“We want to make clothes that people can see themselves in. We never want to say ‘you can’t wear that’.”
David Bowie and Prince may have left this lonely planet for the great party in the sky, but the gender fluidity revolution they started is stronger — and more mainstream — than ever. At Lakme Fashion Week S/R 2017, designers neatly aligned themselves into two distinct camps. The first offered the kind of breezy hyper-feminine styles that we’ve grown so accustomed to seeing on summer runways. In the second camp on the opposite end of the spectrum, labels like Antar-Agni, Anuj Bhutani and The Pot Plant were organising a mutiny.
“People have reached a saturation point. They’re tired of the bling, tired of the ornamentation, tired of the segregation. They just want clothes that speak to the soul.”
That 30 percent of his clientele turned out to be women came as a surprise to Ujjawal Dubey. It was this serendipitous discovery after his first season at Lakme Fashion Week a few years ago that led Dubey to identify his label, Antar-Agni, with the gender fluid movement. The designer’s monastic colour palette and complicated draping techniques weren’t exactly an easy sell to Indian men either. “But once they wore the clothes, they instantly felt confident, felt free. That’s exactly the same feedback I got from my female clients,” Dubey says, explaining that his refusal to stick to a myopic vision of what constitutes menswear ended up attracting both sexes.

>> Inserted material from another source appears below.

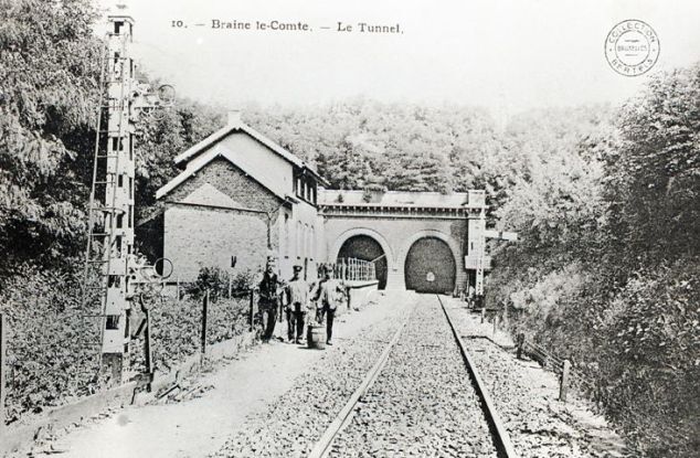 Reproductie van een postkaart met als opschrift '10. - Braine le-Comte. - Le Tunnel.' De postkaart toont de zuidelijke ingang van de tunnel, met twee kokers, waarvan slechts één in dienst was. De linkse koker was tijdens het bouwen in 1840-'41 immers ingestort. Voor de tunnel staat een gebouw. Naast het spoor poseert spoorwegpersoneel. Op het voorplan zien we het onderste deel van een seinpaal.

The story repeats itself on the racks at The Pot Plant and Anuj Bhutani. “We’ve designed shirt dresses that many of our male clients wear as kurtas,” says The Pot Plant co-founder Resham Karmchandani. Try rummaging through their new collection and save for a handful of garments, I dare you to assign an obvious gender orientation to their collection.
If normcore was about rejecting designer labels, gender fluid fashion takes that conversation to its logical climax. It encourages the rejection of the most basic, and to some folks, the most suffocating label of them all.
“I grew up wearing my parents’ hand-me-downs, and nobody ever told me I could only wear my mother’s dresses and not my father’s old shirts,” adds Karmchandani. “That philosophy of being able to wear whatever you want without worrying about labels just extended into our clothing.”